The current Conservative government opposes further integration for both ideological and practical reasons.  Whether “Leavers” or “Remainers”, with few exceptions all Conservative politicians make clear their opposition to delegating further powers to Brussels.  Because of George Osborne’s continued failure to eliminate our public sector borrowing, it would prove politically embarrassing for the British government to adopt the strict deficit rule of the Fiscal Pact. 

For the Labour Party the shadow chancellor John McDonnell has made it clear that his party would not accept constraints that create barriers to pursuing a social democratic social support system or countercyclical fiscal policy.  Brexit would leave the European Union with no government opposed in both principle and practice to restrictions on and oversight of national budgets by Brussels.

It is common knowledge that many in the German government, including the finance minister Wolfgang Schäuble, favoured the expulsion of Greece from the euro zone last summer.  A year later German political opposition to the current “bailout” of the Greek financial sector and the expulsion implied by that opposition is even greater.  The exit of Britain could allow the German government to consolidate its EU leadership, expelling the “weak” to create a hard-line fiscal bloc in the euro zone with support from the governments of Austria, Finland and Netherlands, as well as newer members (e.g.
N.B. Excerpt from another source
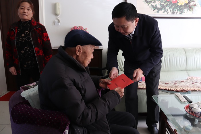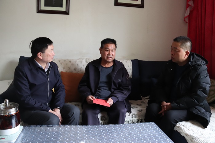 在新中國第一代養路工人鄭占乾家中,黃處長一行與鄭占乾老人促膝談心,聆聽“八棵樹精神”的故事,詳細詢問了老人的身體狀況、生活情況,并代表廳黨組送上慰問品和慰問金,囑咐該局要落實好退休干部的“兩項待遇”,關心和愛護好離退休職工。

Estonia and Latvia). 

The German government and its supporters in other countries would deny that their approach to the European Union is anti-democratic.  These fiscal hawks consider it essential that every government operate within strict constraints that prevent public policy from degenerating into irresponsible “populism”.  This vision of constrained democracy prompted Schäuble’s infamous comment in early 2015 in response to Syriza’s election victory that “Greek politicians must not promise more than they can deliver”; i.e., the end of fiscal austerity.

While not overtly authoritarian, this atavistic fiscal ideology necessarily implies that important economic decisions affecting everyday life should not be trusted to the judgement of the majority.  Like children, national populations need protection against their proclivity to make foolish decisions.  Brexit would facilitate the consolidation of this neo-Platonic approach to policy in which the wise few guide the foolish many.

Why it Matters

Come Brexit we will be rid of the European Union, so what difference would it make to us if authoritarian practice gathers strength?  The answer is simple:  political developments on the continent impact on Britain and beyond.  Abandoning the European Union could have the effect of conceding the political field to an emerging economic policy hegemony that is fundamentally anti-democratic.  An EU consolidated around anti-democratic governance would lay the basis for greater tensions and perhaps even conflict in Europe.

The current British government has few virtues to recommend it to progressives, and we can accuse no British government of playing a consistently support role in the process of trans-European cooperation.  However, in the present historical moment anti-democratic tendencies gather strength across the content.  Resisting to those tendencies requires that Britain Remain not Leave, and in doing so rekindle the grand purpose of the post-war visionaries, Europe based on democracy, peace and cooperation.